Grief can sometimes hit us in small waves. While these waves can throw us off course at times, we can at least see the shore ahead, and ride it out. Yet at other times grief can build up like a tsunami due to the many unforeseen undercurrents. It is times like this, for me last night, that we need to properly gage what we are feeling, and responding to. Sometimes we are grieving more than the physical loss of our loved one. Sometimes we are grieving the lack of progress in longstanding concerns for our family. Sometimes we are grieving for other people's pain. Sometimes we are grieving due to the ongoing challenges of parenthood without our spouse beside us.
In today's disaster movie, the loss and destruction was beyond the scope of earth's inhabitants to appropriately respond. As one would expect, they were left with more casualties than survivors. And so was my evening. I thought I was prepared for the grief that I somehow kept at bay on Thanksgiving. I it would be difficult to weather, but that I could get through it. Yet as the sun went down, many of my life's undercurrents began to rattle within me. Most of these undercurrents are ongoing concerns I have with my children. Before I knew what hit me I was engulfed with anger and grief. Like a volcano, I erupted with torrents of misery's venom. The victims, initially my children. The culprits, okay maybe they had something to do with it. The epicenter, me. It was my response to all the undercurrents that was seismically out of proportion. And in turn, the tsunami of emotion was more than I felt equipped for.
There are times when life feels like one disaster after another. There are times when the difficult reality of our life comes crashing down all around us. There are nights when grief gets it's grip on us so deeply that we fear that we may not survive. Sometimes we feel like we may not want to survive. Sometimes getting through it takes more than what we think we have.

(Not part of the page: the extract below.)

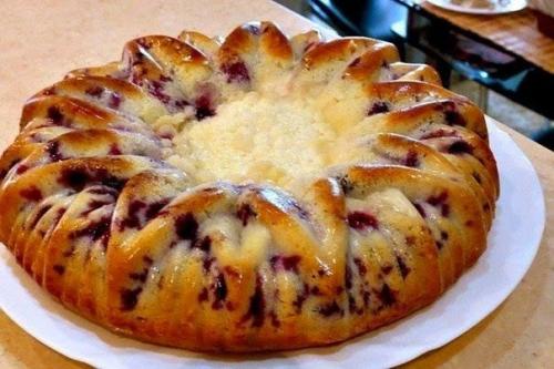 8. вынуть готовый пирог, немного остудить и перевернуть на тарелку. 9. можно присыпать сахарной пудрой. Пирог готов.
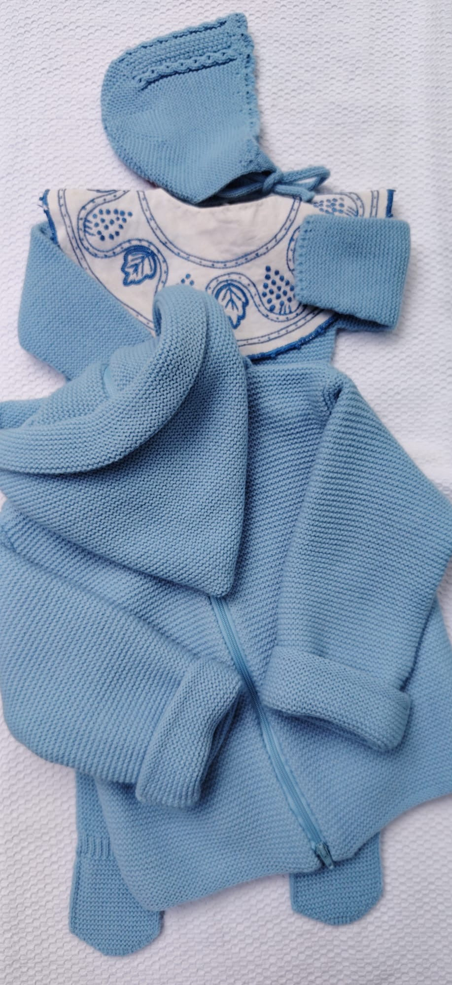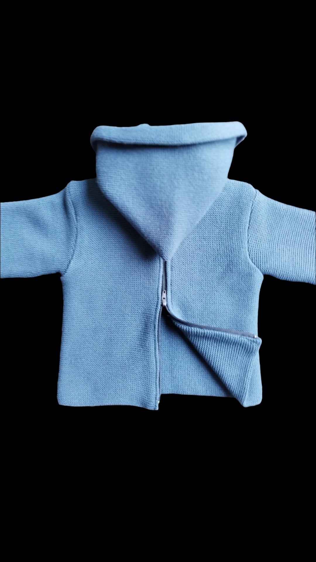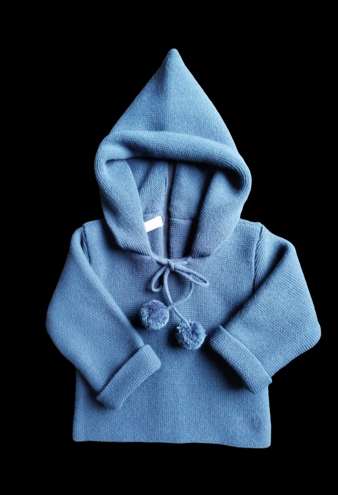 Chaquetón de punto con capucha y cremallera trasera enteriza.

As formula as it is, in all disaster movies we are left with an image of the sun rising once the storm du jour has ended. Peace and calm settles in around us. Peace and calm is what I awoke to as well. As the day continued on I needed to make sure I tended to each of the kid's needs. I needed to give some explanations, and I needed to make some repairs. Tonight I am once again reminded that even when I think my heart and soul can take no more, something is there to make sure I can. In the course of grief we can't always divert these difficult experiences, but remembering our individual history with grief, we can help ourselves get through it. And while we may not get through it unscathed, we will get through it.